4 more days and we end FY17. And the summer. Cool. Ok, not that much cool, but what can I do?! Turn back time? Not this time, I’ll save the power for more altruistic pursuits.
I have 2 more episodes and I finish the Community. I’m procrastinating, I could’ve finished them easily from 2 weeks ago, but I got captivated by other things.
I started reading “Peaceful parent, happy kids”. And also some other articles and interesting posts about parenting, just for documenting myself for the (not too close) future, when I will get to have someone to parent. Some week ago, when I was reading something, I found myself thinking: dude, this is some critically needed information for a peaceful living on this planet, how did I succeed to survive until now without knowing this? I must be more (emotionally) intelligent than I’m actually aware of. The most challenging part is analyzing all the things you lived as a child and young adult, in order to put them in one of the two categories: did I turn out like this “thanks to that” or “in-spite of it”?

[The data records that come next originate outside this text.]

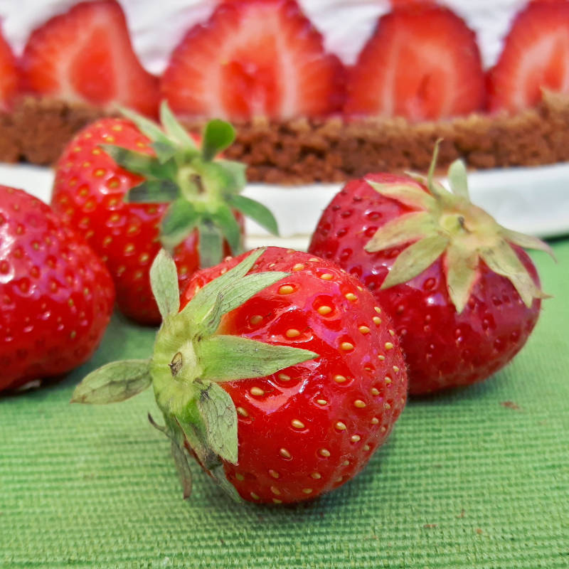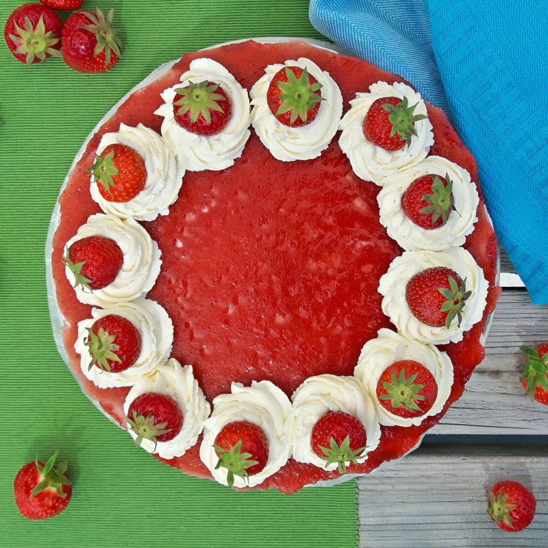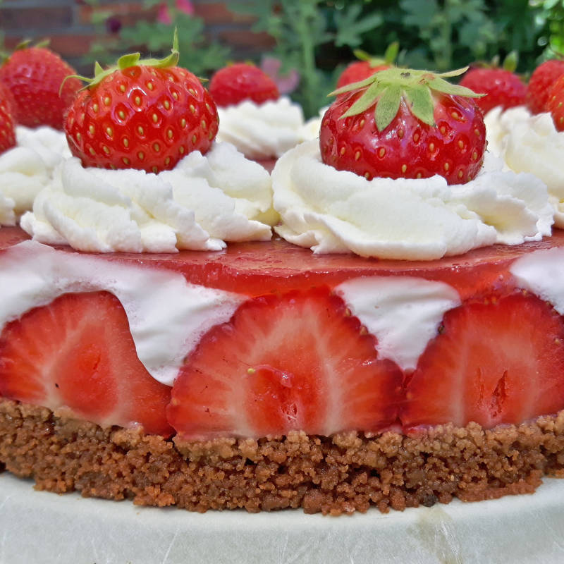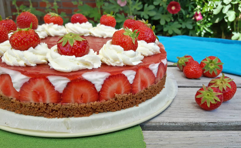 - Klop de slagroom, suiker, klopfix stijf. Schep het in een spuitzak en spuit 12 toefjes slagroom op de taart. Druk in elke toef een aardbei. Snijd de taart in 12 punten.
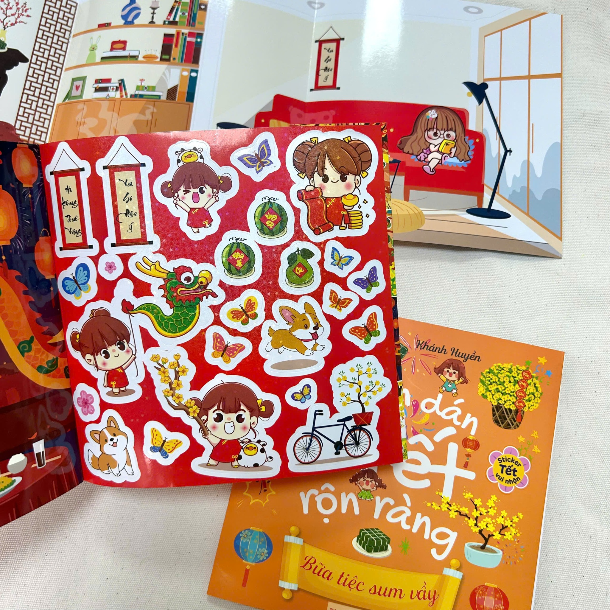 Bộ sách "Bé Dán Dán Đón Tết Rộn Ràng" là một bộ sách dành cho trẻ em với chủ đề Tết Nguyên Đán, giúp bé làm quen với các hoạt động, hình ảnh, và phong tục đón Tết qua các trò chơi dán sticker. Bộ sách này không chỉ mang tính giải trí mà còn giáo dục trẻ về những giá trị văn hóa truyền thống của người Việt trong dịp Tết.
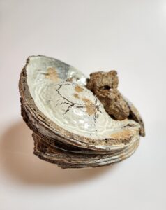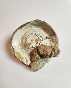 상단에는 소성 중 떨어진 가마똥이 있는데 그 틈 사이를 활용해 향꽂이로도 사용 할 수도 있어서 재미가 있습니다

On Thursday afternoon I cried for about 20 minutes. I don’t cry often, because I cannot cry that easily (anymore), but, when I start, I cry for everything. And I noticed the more I cry the worse I feel, because I’m suddenly becoming aware that in my worst times the only person I could ever count on to calm me down and comfort me it’s always just me. That’s my synchronicity in this life, I got to accept it. So I’m trying to keep me as sane as possible, to still be there for myself whenever I need comfort. Have you ever tried to hold your own hand? It feels so good, the most comforting is holding the left one with the right one. 😀
Anyway, I actually wanted to say that, this particular time, even after crying, I still didn’t feel better or more hopeful after it. As if, even after being strong for too long, I still couldn’t release everything that was making me feel bad. And you know why? Because the rest is part of me, so I cannot just release it, I need to peacefully extract it, clean it, nurture it and put it back. Which made me realize that all that thing with “crying is beneficial, because it’s releasing bad energy” it’s a complete bullshit. Now I strongly believe that no sane person ever felt/will feel better exclusively thanks to crying.
The story behind the title?! I can say this: deeply needed peaceful closure(s). Ok, at least until I’ll find those exact same tiles of colored cubic rock from the street with the Old-New Synagogue. And after getting inside and finding out what it’s written on the walls. And visiting Israel. This is the main fantasy story-line nonetheless, the other two are just potential spin-offs.